-- Input data follows --
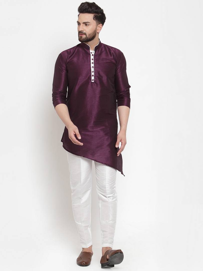 MILDIN Men Solid Straight Kurta (Purple)
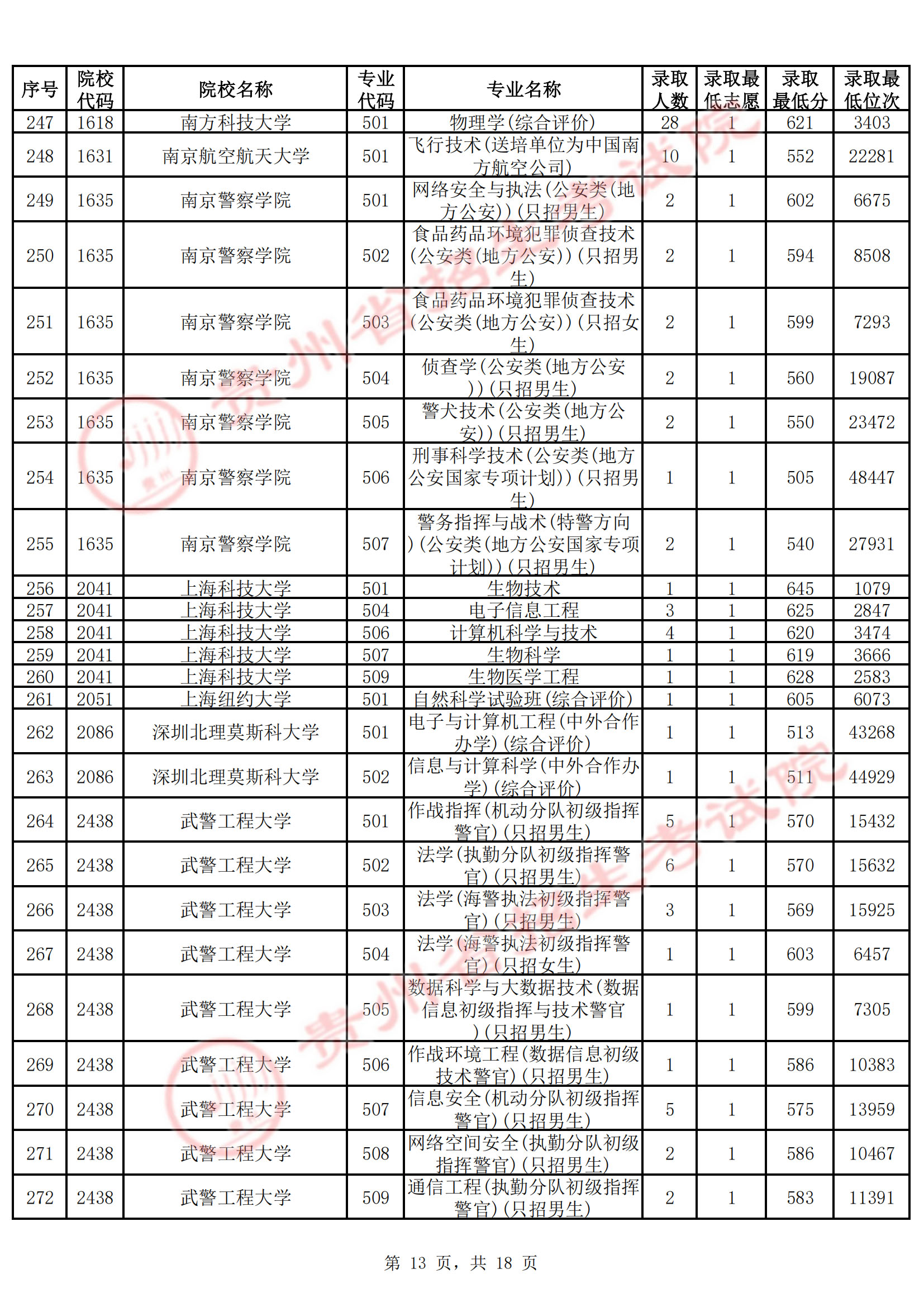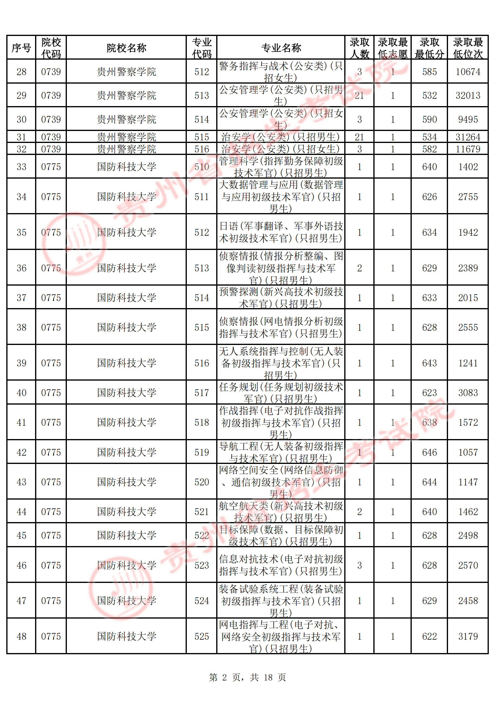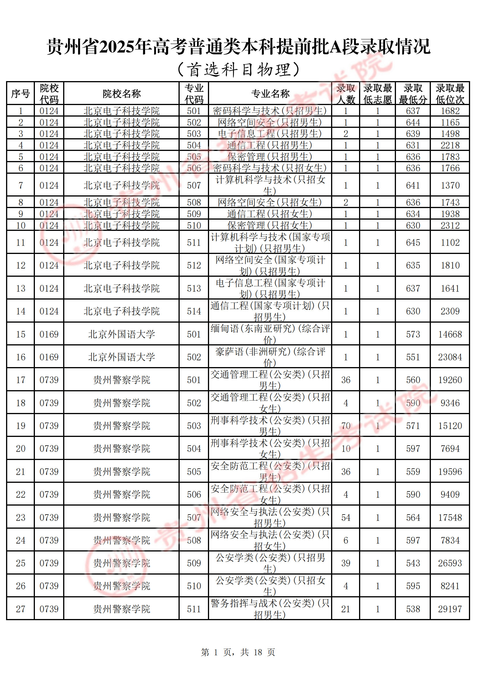 贵州省2025年高考普通类本科提前批A段录取情况(首选科目物理)已发布,具体内容如下:
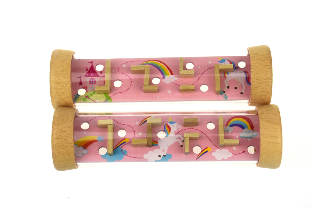 This is a unique double-sided maze, the objective of this game is to have the ball follow the track by turning the tube. Avoid falling through the hole. Promotes concentration, hand and eye co ordinations. This wooden maze will keep the kids busy for hours.
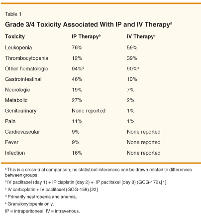 IP therapy also produces a different toxicity profile than the current IV carboplatin-plus-paclitaxel regimen (Table 1). Each of these toxicities is manageable and short-term in nature. Current and planned research is largely focused on reducing the toxicities associated with the GOG-172 IP treatment regimen to improve acceptability and to increase the proportion of patients who are able to complete the full course of treatment.[21]
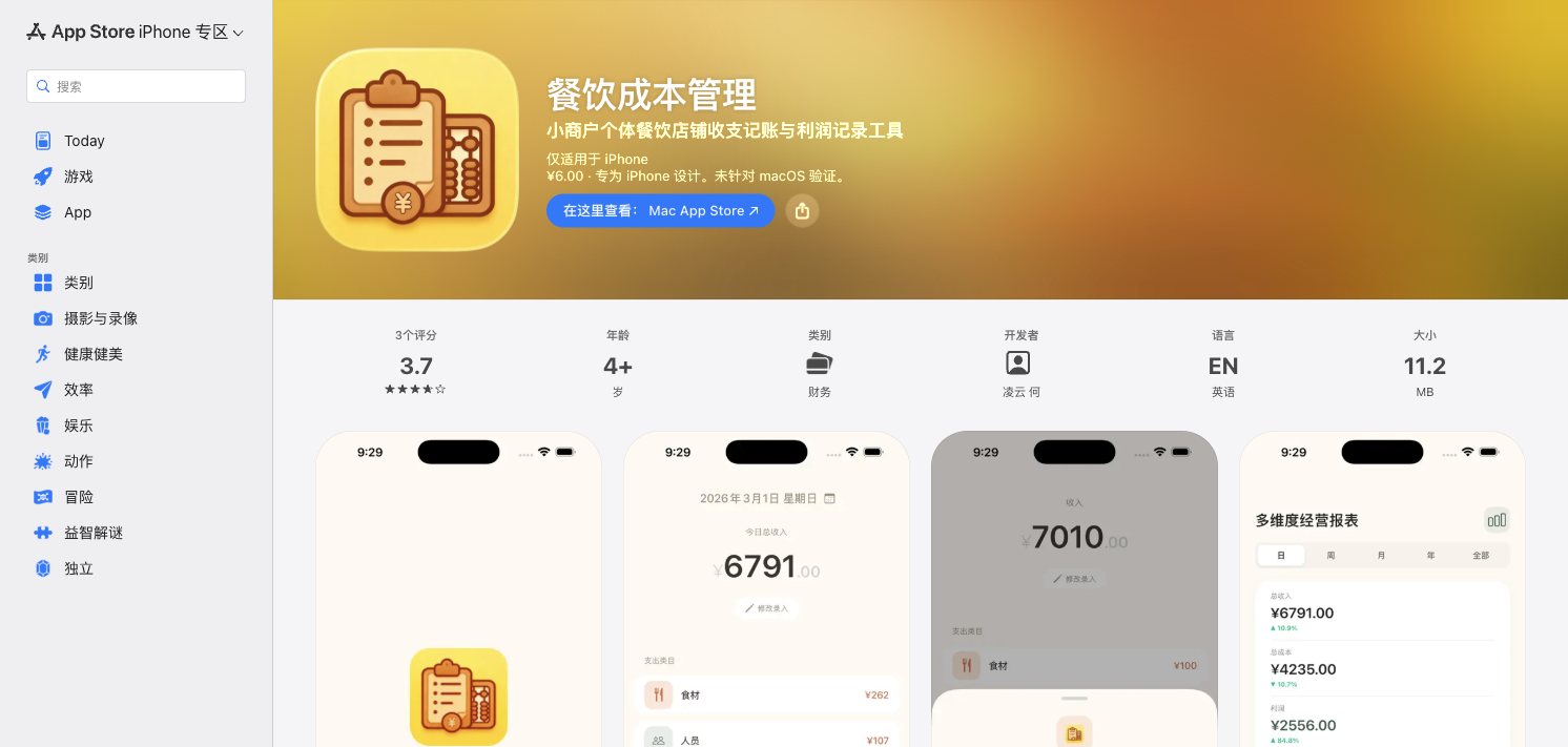 Catering Cost Manager was launched by solo developer Lingyun He on March 6, 2026. Designed specifically for small restaurant businesses, it reached #9 on the Finance Paid chart within 5 weeks. At only 11.2 MB and ¥6, it exemplifies the lean indie developer approach.
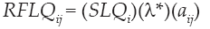 Thus, they developed a reformulation of the FLQ, the RFLQ, Flegg and Webber (1997), which attempted to improve the measurement of the economic size of the region and to avoid the underestimation of regional imports, as well as not allowing the overestimation of the regional multipliers. Hence, the original FLQ was changed, first by improving the estimation of the scalar λ in the original FLQ and second by substituting the crossed holding coefficients, CILQij , with the simple location quotient, SLQi , which is derived as:
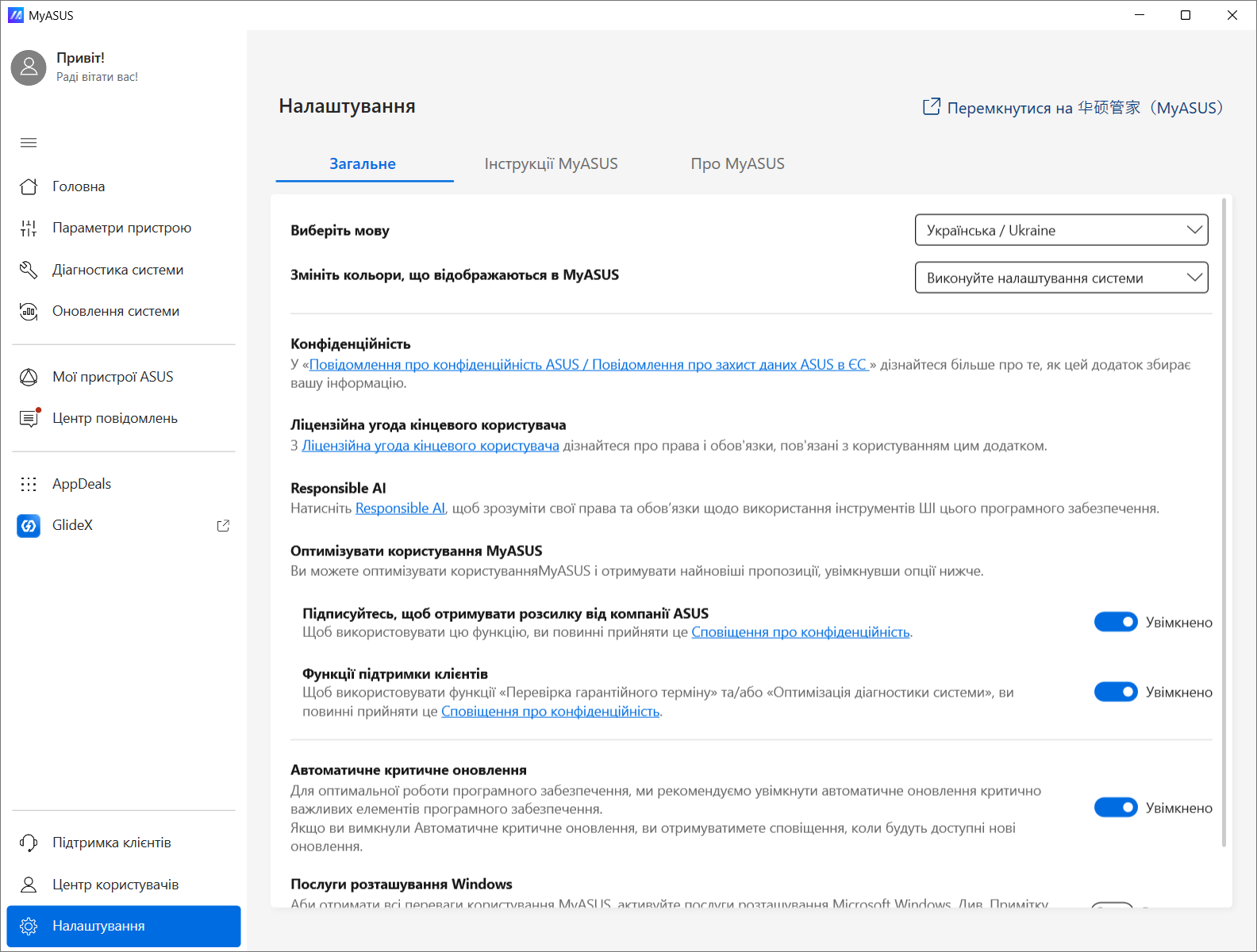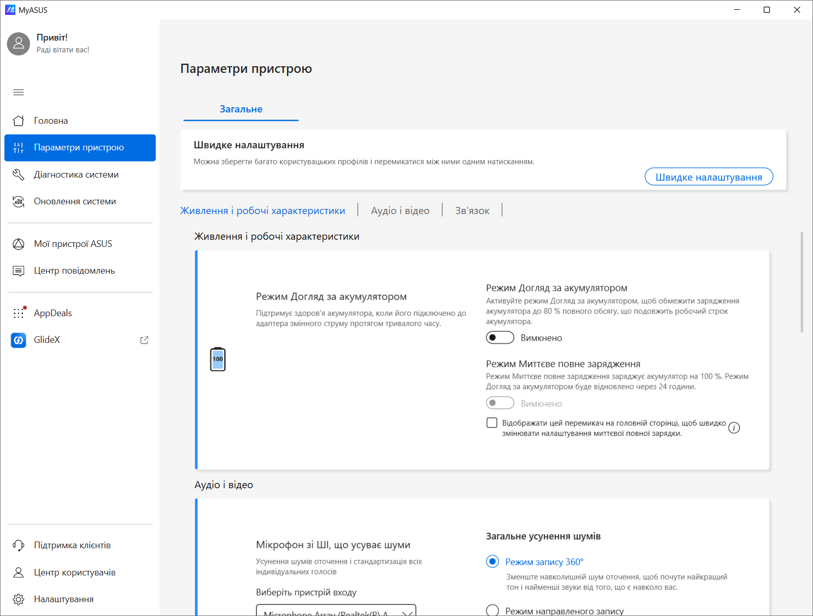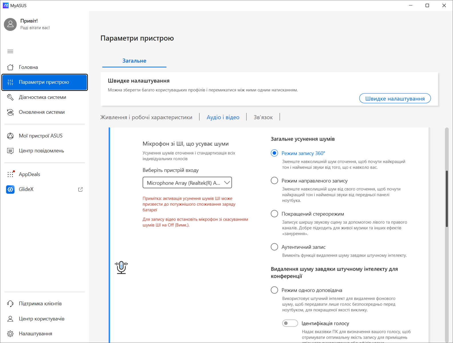 Некоторые возможности ноутбука также настраиваются через более распространенное приложение MyASUS — например, шумоподавление. Интересно, что в MyASUS есть ссылка на открытие Armoury Crate, но не наоборот, хотя обе утилиты выполняют разные функции и не пересекаются.
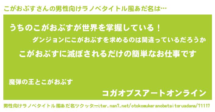 | 意味不明あだ名 | 『ペロリンこがおぶす』『自称こがおぶす』 |
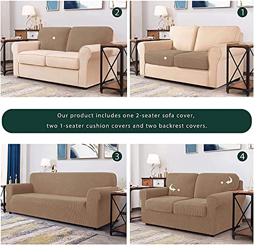 XDKS 7 Pezzi Copridivano Elasticizzato, Copridivano Con Tre Schienali Separati E Cuscini Con Fascia Elastica, Tessuto Jacquard Spandex A Quadri (Cammello,2 posti (145-178 cm))
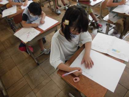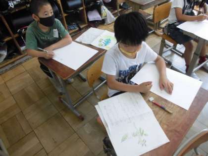 ミニトマトの成長の様子を丁寧に観察してきました。その様子を絵と文で表すようにしています。どんな絵を描けばいいか,様子がよく分かるように伝える文はどんな文なのか考えながら書くようにしていました。できるだけ習った漢字も使うようにしていました。
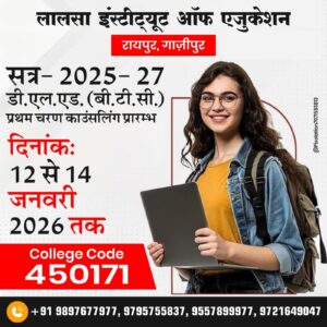 गाजीपुर। लालसा इंस्टीट्यूट आफ एजुकेशन रायपुर गाजीपुर में डीएलएड बीटीसी प्रथम चरण की काउंसलिंग शुरु हो गयी है। इस कालेज का कोड 450171 है। यह जानकारी कालेज के प्रबंध निदेशक ई. अजय यादव ने दी है। उन्होने बताया कि जिन अभ्यर्थियों ने अपना पंजीकरण डीएलएड प्रवेश के लिए कराया है उनका प्रथम चरण में 12 जनवरी से 14 जनवरी तक एक से 20 हजार रैंक तक काउंसलिंग होनी है। दिनांक 15 से 18 जनवरी से 20001 से 70000 रैंक के अभ्यर्थियों की काउंसलिंग होगी। 19 से 22 जनवरी तक 70001 से 124230 रैंक तक के अभ्यर्थियों की काउंसलिंग होनी है। द्वितीय चरण में 5 से 12 फरवरी तक छूटे हुए अभ्यर्थियों की काउंसलिंग करायी जायेगी। डीएलएड बीटीसी के इच्छुक अभ्यर्थी लालसा इंस्टीट्यूट रायपुर गाजीपुर में पहुंचकर प्रवेश सुनिश्चित करायें। अधिक जानकारी के लिए मोबाइल नम्बर 9897677977, 9795759837, 9557899977, 9721649047 पर संपर्क करें।
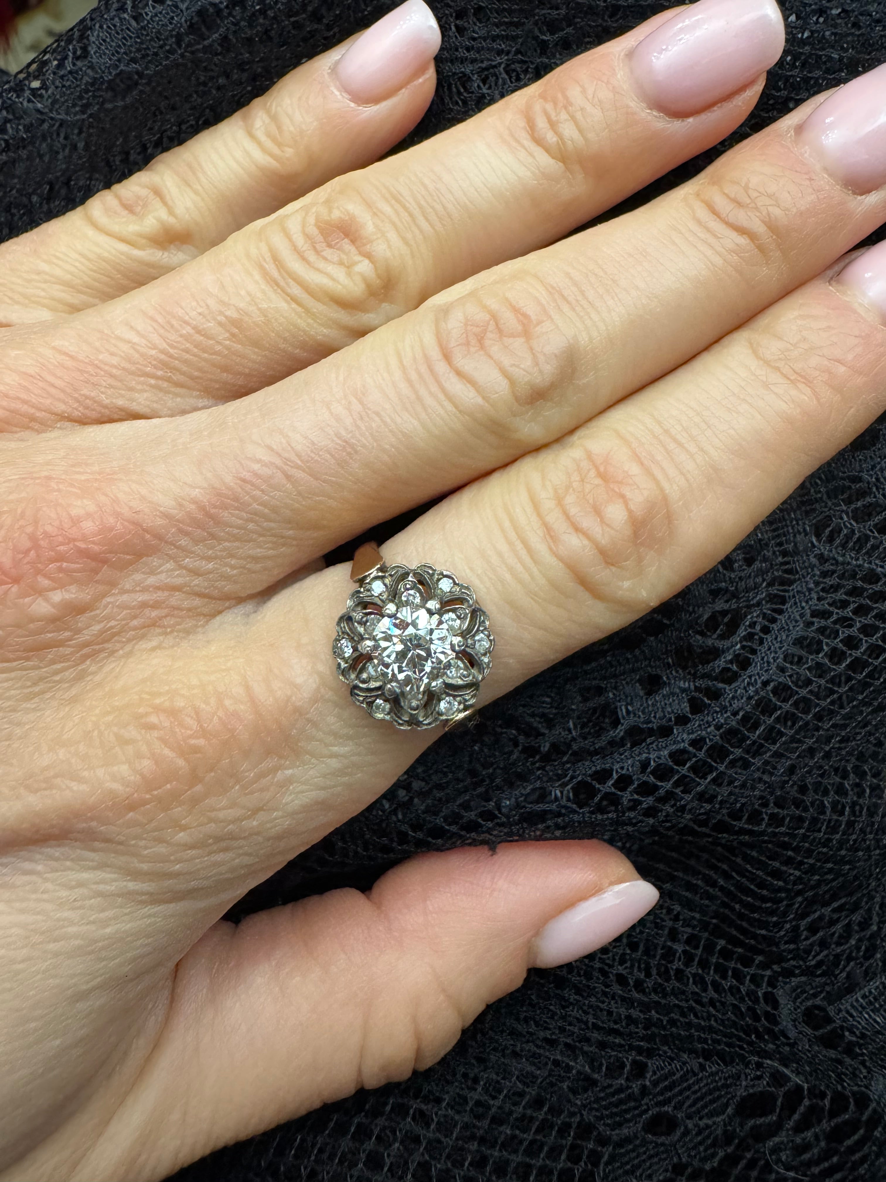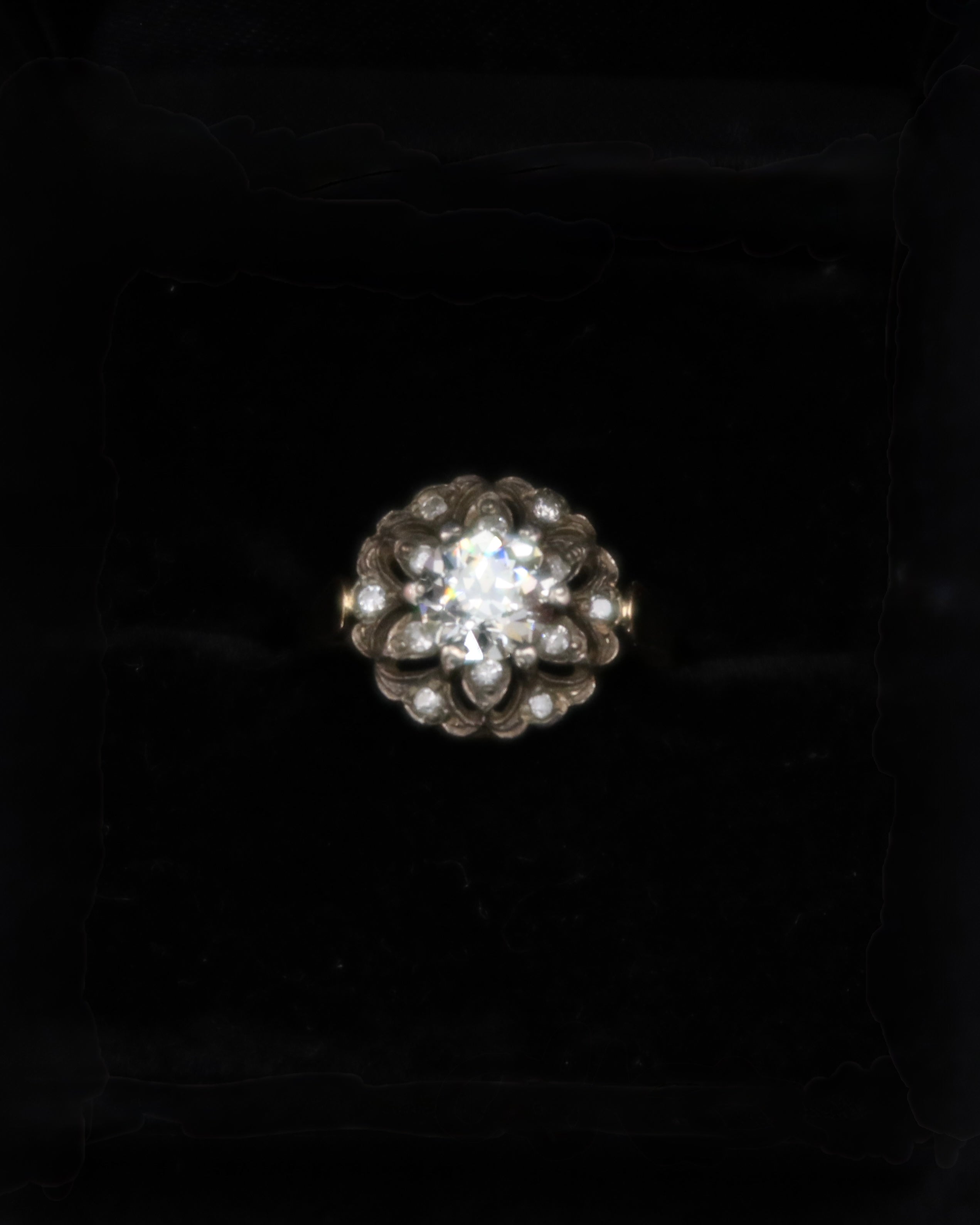 Szlachetna forma kwiatu, w której światło odgrywa główną rolę. Centralny diament o hipnotyzującym blasku otoczony jest misterną kompozycją mniejszych kamieni, tworzących pełną, trójwymiarową rozetę. Każdy detal oprawy został zaprojektowany tak, aby wydobywać maksymalną grę światła i nadać całości wrażenie głębi oraz miękkiej, świetlistej aury.
-- Input data concluded --
Brief
Leave the pictures out and print the records above exactly as they stand.

Response to this task
 MILDIN Men Solid Straight Kurta (Purple)
 贵州省2025年高考普通类本科提前批A段录取情况(首选科目物理)已发布,具体内容如下:
 This is a unique double-sided maze, the objective of this game is to have the ball follow the track by turning the tube. Avoid falling through the hole. Promotes concentration, hand and eye co ordinations. This wooden maze will keep the kids busy for hours.
 IP therapy also produces a different toxicity profile than the current IV carboplatin-plus-paclitaxel regimen (Table 1). Each of these toxicities is manageable and short-term in nature. Current and planned research is largely focused on reducing the toxicities associated with the GOG-172 IP treatment regimen to improve acceptability and to increase the proportion of patients who are able to complete the full course of treatment.[21]
 Catering Cost Manager was launched by solo developer Lingyun He on March 6, 2026. Designed specifically for small restaurant businesses, it reached #9 on the Finance Paid chart within 5 weeks. At only 11.2 MB and ¥6, it exemplifies the lean indie developer approach.
 Thus, they developed a reformulation of the FLQ, the RFLQ, Flegg and Webber (1997), which attempted to improve the measurement of the economic size of the region and to avoid the underestimation of regional imports, as well as not allowing the overestimation of the regional multipliers. Hence, the original FLQ was changed, first by improving the estimation of the scalar λ in the original FLQ and second by substituting the crossed holding coefficients, CILQij , with the simple location quotient, SLQi , which is derived as:
 Некоторые возможности ноутбука также настраиваются через более распространенное приложение MyASUS — например, шумоподавление. Интересно, что в MyASUS есть ссылка на открытие Armoury Crate, но не наоборот, хотя обе утилиты выполняют разные функции и не пересекаются.
 | 意味不明あだ名 | 『ペロリンこがおぶす』『自称こがおぶす』 |
 XDKS 7 Pezzi Copridivano Elasticizzato, Copridivano Con Tre Schienali Separati E Cuscini Con Fascia Elastica, Tessuto Jacquard Spandex A Quadri (Cammello,2 posti (145-178 cm))
 ミニトマトの成長の様子を丁寧に観察してきました。その様子を絵と文で表すようにしています。どんな絵を描けばいいか,様子がよく分かるように伝える文はどんな文なのか考えながら書くようにしていました。できるだけ習った漢字も使うようにしていました。
 गाजीपुर। लालसा इंस्टीट्यूट आफ एजुकेशन रायपुर गाजीपुर में डीएलएड बीटीसी प्रथम चरण की काउंसलिंग शुरु हो गयी है। इस कालेज का कोड 450171 है। यह जानकारी कालेज के प्रबंध निदेशक ई. अजय यादव ने दी है। उन्होने बताया कि जिन अभ्यर्थियों ने अपना पंजीकरण डीएलएड प्रवेश के लिए कराया है उनका प्रथम चरण में 12 जनवरी से 14 जनवरी तक एक से 20 हजार रैंक तक काउंसलिंग होनी है। दिनांक 15 से 18 जनवरी से 20001 से 70000 रैंक के अभ्यर्थियों की काउंसलिंग होगी। 19 से 22 जनवरी तक 70001 से 124230 रैंक तक के अभ्यर्थियों की काउंसलिंग होनी है। द्वितीय चरण में 5 से 12 फरवरी तक छूटे हुए अभ्यर्थियों की काउंसलिंग करायी जायेगी। डीएलएड बीटीसी के इच्छुक अभ्यर्थी लालसा इंस्टीट्यूट रायपुर गाजीपुर में पहुंचकर प्रवेश सुनिश्चित करायें। अधिक जानकारी के लिए मोबाइल नम्बर 9897677977, 9795759837, 9557899977, 9721649047 पर संपर्क करें।
 Szlachetna forma kwiatu, w której światło odgrywa główną rolę. Centralny diament o hipnotyzującym blasku otoczony jest misterną kompozycją mniejszych kamieni, tworzących pełną, trójwymiarową rozetę. Każdy detal oprawy został zaprojektowany tak, aby wydobywać maksymalną grę światła i nadać całości wrażenie głębi oraz miękkiej, świetlistej aury.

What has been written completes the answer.